Task objective >> Omit images. Retype all entries verbatim.

[Collected data]
+--

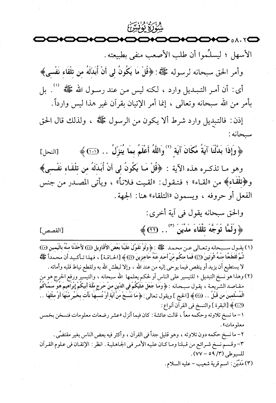 {وَإِذَا بَدَّلْنَآ آيَةً مَّكَانَ آيَةٍ والله أَعْلَمُ بِمَا يُنَزِّلُ} [النحل: 101] وهو ما تذكره هذه الآية: {قُلْ مَا يَكُونُ لي أَنْ أُبَدِّلَهُ مِن تِلْقَآءِ نفسي} و {تِلْقَآءِ} من «لقاء» ؛ فتقول: «لقيت فلاناً» ، ويأتي المصدر من جنس الفعل أو حروفه، ويسمون «التلقاء» هنا: الجهة.
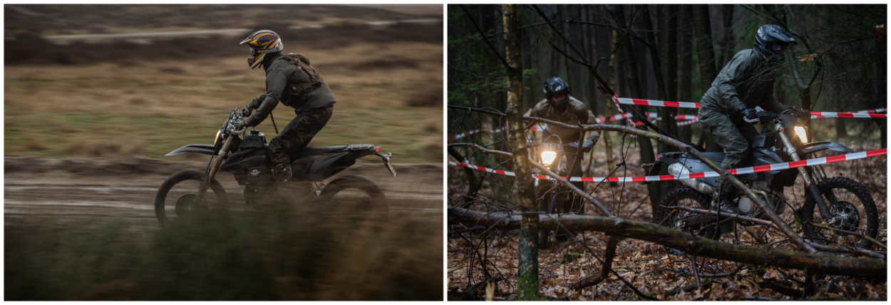 Vandaag doen naast vier 'luchtmobielers' ook drie man van het KCT en drie marechaussees mee. De commando’s zitten in een onderzoekstraject waarbij ze kijken hoe en welke motor in hun optreden past, terwijl de KMar regelmatig militaire oefenterreinen opgaat om ‘wildcrossers’ in de kraag te grijpen.
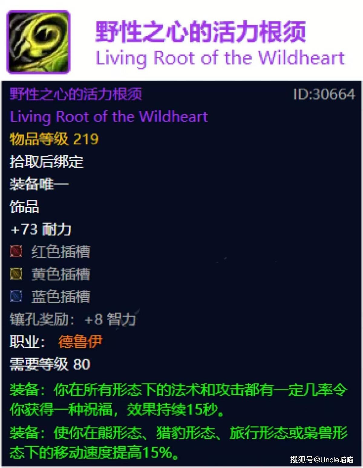 德鲁伊之前版本的职业专属饰品活力根须基本上是等同于玩具的,但是现在基于73点的常驻耐力以及三插槽下,喵叔大胆预言,他会成为野德的一大亮点饰品,如果说15秒的祝福对猫德力量提升数值可观的话,猫德和熊T都可以拿该职业饰品了,至于奶德就算了吧,参考之前的制服应该是法强加持,但是没有其他效果就算是三插槽也撑不起奶德的脸面啊。不过喵叔还是要说句掏心窝子的话,这东西最合适的应该还是熊T,猫德如果实在没东西的情况下可以考虑!
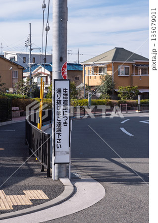 住宅街の電柱に設置された「生活道路につき通り抜けはご遠慮下さい」の注意看板と街並み
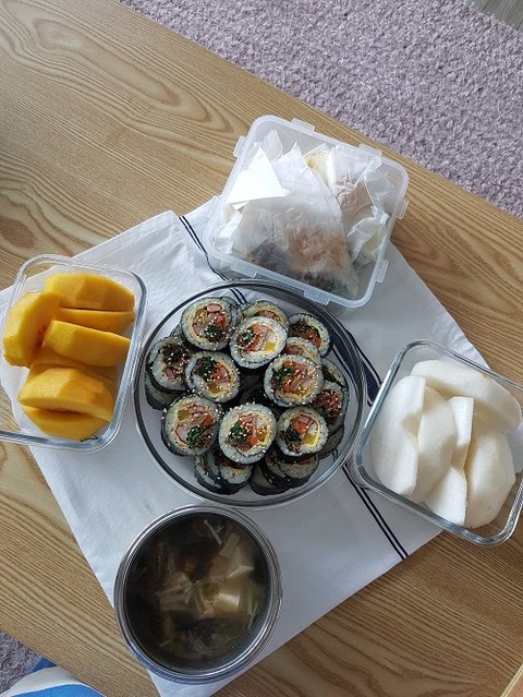 복숭아랑 배랑 깎고 미소된장국 끓여서 소풍 잘 다녀왔습니다!
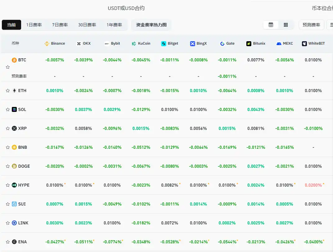 BlockBeats News, October 18th, according to Coinglass data, the current mainstream CEX and DEX funding rates show that after a further decline in the past two days, the current market has turned bearish across the board. The funding rates for major assets on various trading platforms’ perpetual contract trading pairs are almost all negative, as shown in the specific funding rates in the following chart.
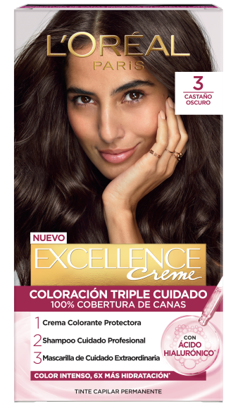 Excellence Creme de L'Oréal Paris es el tinte capilar permanente que proporciona un resultado de color perfecto y duradero con 100% cobertura de canas y triple protección. Respeta tu color, tu cabello y tu cuero cabelludo.
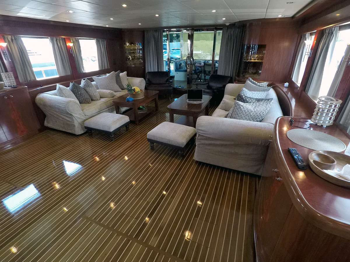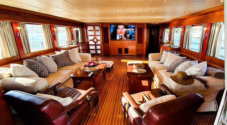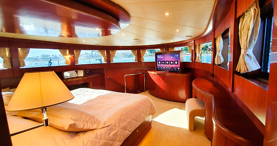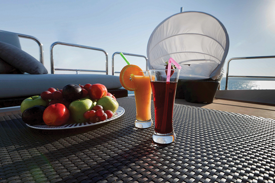 | Inside | Backofen, Eiswürfelmaschine, Gasherd, Generator, Heizung, Klimaanlage (ohne Landstrombedarf), Kühlschrank, Radio mit CD und USB, TV + DVD, Warmwasser, Watermaker |

+--

Answer box >>
 {وَإِذَا بَدَّلْنَآ آيَةً مَّكَانَ آيَةٍ والله أَعْلَمُ بِمَا يُنَزِّلُ} [النحل: 101] وهو ما تذكره هذه الآية: {قُلْ مَا يَكُونُ لي أَنْ أُبَدِّلَهُ مِن تِلْقَآءِ نفسي} و {تِلْقَآءِ} من «لقاء» ؛ فتقول: «لقيت فلاناً» ، ويأتي المصدر من جنس الفعل أو حروفه، ويسمون «التلقاء» هنا: الجهة.
 Vandaag doen naast vier 'luchtmobielers' ook drie man van het KCT en drie marechaussees mee. De commando’s zitten in een onderzoekstraject waarbij ze kijken hoe en welke motor in hun optreden past, terwijl de KMar regelmatig militaire oefenterreinen opgaat om ‘wildcrossers’ in de kraag te grijpen.
 德鲁伊之前版本的职业专属饰品活力根须基本上是等同于玩具的,但是现在基于73点的常驻耐力以及三插槽下,喵叔大胆预言,他会成为野德的一大亮点饰品,如果说15秒的祝福对猫德力量提升数值可观的话,猫德和熊T都可以拿该职业饰品了,至于奶德就算了吧,参考之前的制服应该是法强加持,但是没有其他效果就算是三插槽也撑不起奶德的脸面啊。不过喵叔还是要说句掏心窝子的话,这东西最合适的应该还是熊T,猫德如果实在没东西的情况下可以考虑!
 住宅街の電柱に設置された「生活道路につき通り抜けはご遠慮下さい」の注意看板と街並み
 복숭아랑 배랑 깎고 미소된장국 끓여서 소풍 잘 다녀왔습니다!
 BlockBeats News, October 18th, according to Coinglass data, the current mainstream CEX and DEX funding rates show that after a further decline in the past two days, the current market has turned bearish across the board. The funding rates for major assets on various trading platforms’ perpetual contract trading pairs are almost all negative, as shown in the specific funding rates in the following chart.
 Excellence Creme de L'Oréal Paris es el tinte capilar permanente que proporciona un resultado de color perfecto y duradero con 100% cobertura de canas y triple protección. Respeta tu color, tu cabello y tu cuero cabelludo.
 | Inside | Backofen, Eiswürfelmaschine, Gasherd, Generator, Heizung, Klimaanlage (ohne Landstrombedarf), Kühlschrank, Radio mit CD und USB, TV + DVD, Warmwasser, Watermaker |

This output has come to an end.